А. К. Воронский в книге «Гоголь» (1934) писал о М. д.: «В мировой литературе трудно найти другую художественную вещь, в которой с такой беспощадной пластической силой было бы вскрыто опустошающее влияние собственности на человеческую душу. Подведен итог многолетним скорбным думам, наблюдениям и переживаниям. Собственность, вещь приняла вполне ясные и четкие очертания. Она как бы целиком воплотилась. Это — уже не клады, не червонцы Басаврюка и ростовщика, обладающие чертовскими, мистическими свойствами, не безобидная трубка Тараса, это — средне- и мелкопоместное имущество в состоянии упадка и развала, это — рыночная собственность, товар, которую производит фабрика „кучи мастеровых“, собственность, определяющая собой новый хозяйственный, политический, бытовой и культурный уклад. Приняла более житейский вид и всякая нежить: красная свитка на свином рыле превратилась во фрак наваринского пламени с дымом; чужестранец без роду и племени стал выглядеть самым обходительным и житейски-обиходным Павлом Ивановичем; чудовища и гномы, застрявшие в церкви, приняли вид Петухов, Ноздревых, Плюшкиных, Собакевичей, Коробочек; ведьмы — дамы просто приятные и приятные во всех отношениях. В чертовщине не стало нужды, но действительность стала хуже и ужаснее всякой чертовщины. Потрясающая картина, по сравнению с которой бледными выглядят колдуны и Басаврюки».

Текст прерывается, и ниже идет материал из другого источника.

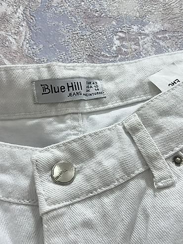 Miu Miu brendinin zərli detallarla bəzədilmiş mavi cins şalvarı -
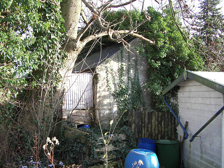 Am Ostende des Schutzraumes sind definitiv ganzwandig durchgehende Verschalungsspuren zu erkennen. Hier endete das Objekt schon immer. Am Westende könnte eventuell (?) ein Durchbruch gewesen sein. Dies ist nicht ganz abwegig. Folgende (jedoch unwahrscheinliche) Theorie: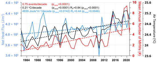 Annual variability (continuous lines) and trends (dashed lines) of the mean annual number of all Marine Heat Waves (MHWs; red line), the air temperature (°C; black line), and the surface net heat flux (J/m2; blue line). The Sen’s Slopes and the Pearson correlation coefficients between both atmospheric variables (air temperature and heat flux) and the number of MHWs are presented. The pvalues of the MK trend and correlation tests are also shown.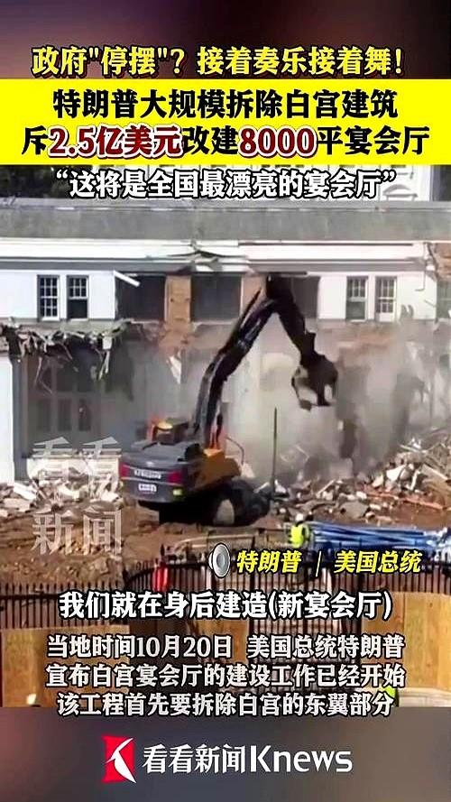 白宫东边那几栋老房子,说拆就拆了。 机器轰隆,砖瓦飞溅。 你猜咋的?2.5亿美金,眨眼就砸下去了不是政府掏,是爱国富豪自掏腰包。 你懂那种感觉吗?就是你下岗了,房贷压得喘不过气,他却在后院盖私人赛马场。 不是一次,是137次。 我当年在酒泉见过老一辈搞两弹一星的时候,连铅笔都要省着用,图纸背面写计算,饭票换零件。 现在呢?人家白宫搞宴会厅,比咱们搞火箭还讲究排面。 总统喜欢翻新?放屁!翻新是修漏雨的屋顶,这不是翻新,这是往祖宗屋里镶金边! 民主党骂他疯了。 白宫回怼那是精神错乱的左派,假新闻。 呵,人家可是民主灯塔,连拆迁都带私人资本赋能光环。 你知道什么叫卡脖子吗?我们被技术卡,他们被钱包卡只不过,卡的是老百姓的饭碗。 我不是说不该有好地方。 我当年在空军,熬夜改雷达参数,饿了啃冷馒头,没人喊苦。 可你告诉我,为什么白宫的宴会厅能叫爱国工程,而咱们修个地铁还要全民众筹? 你敢信?钱从哪儿来?特朗普自己基金、私人企业,还有慷慨的爱国者。 我猜下一步,隔壁国宴厅要装激光投影,总统一挥手,牛排自己飞上桌。 不是我不明白,这世界变化快从前是人民当家,现在是资本主政。 我老了,不想骂人。 但每回看到白宫那张宴会厅效果图,我就想起早年在西北戈壁,老班长蹲在沙坑里,指着图纸说这玩意儿,得保命的。 现在呢?保的,是几千人的饭局。 空调制冷要3000千瓦,宴会厅地板是进口大理石 你问我气不气? 气。 但更气的是,没人问一句 这钱,能不能用来修修那些漏雨的退伍军人医院? 炸了。修了。再炸。 老祖宗的墙,比不上一场镀金晚宴。 你说,我们当年拼命守的,到底是个啥?

И. П. Золотусский в книге «Гоголь» (1979, 1998) писал, что во втором томе М. д. Чичиков следует своей цели «по инерции, прежнего азарта и упования на эту аферу у него нет. Да и все, что он видит вокруг себя, убеждает его в том, что пора заняться приобретением не фантастического, не сказочного, как пишет Гоголь, а настоящего имения, приобрести не мифические земли в мифической Херсонской губернии, а в самой что ни на есть середине России, где ни от кого не скроешься и где можно честным путем наживать миллионы. Эту мысль внушает ему примерный хозяин Костанжогло… Крушение Чичикова во втором томе состоит не в обвале его очередного замысла (подделки завещания старухи-миллионерши. — Б. С.), не в просчете, который он допустил при осуществлении их, а в крушении внутреннем. Что-то ноет и сосет его, и в кружении с „мертвыми душами“, в подделке завещания, в темных связях с контрабандистами и магом-юрисконсультом он нет-нет да и вспомнит эту боль». Во втором томе М. д. происходит борьба за душу Чичикова между силами добра и зла. В третьем же томе, по замыслу Гоголя, главный герой должен был, испытав раскаяние, обратиться к деланию добрых дел.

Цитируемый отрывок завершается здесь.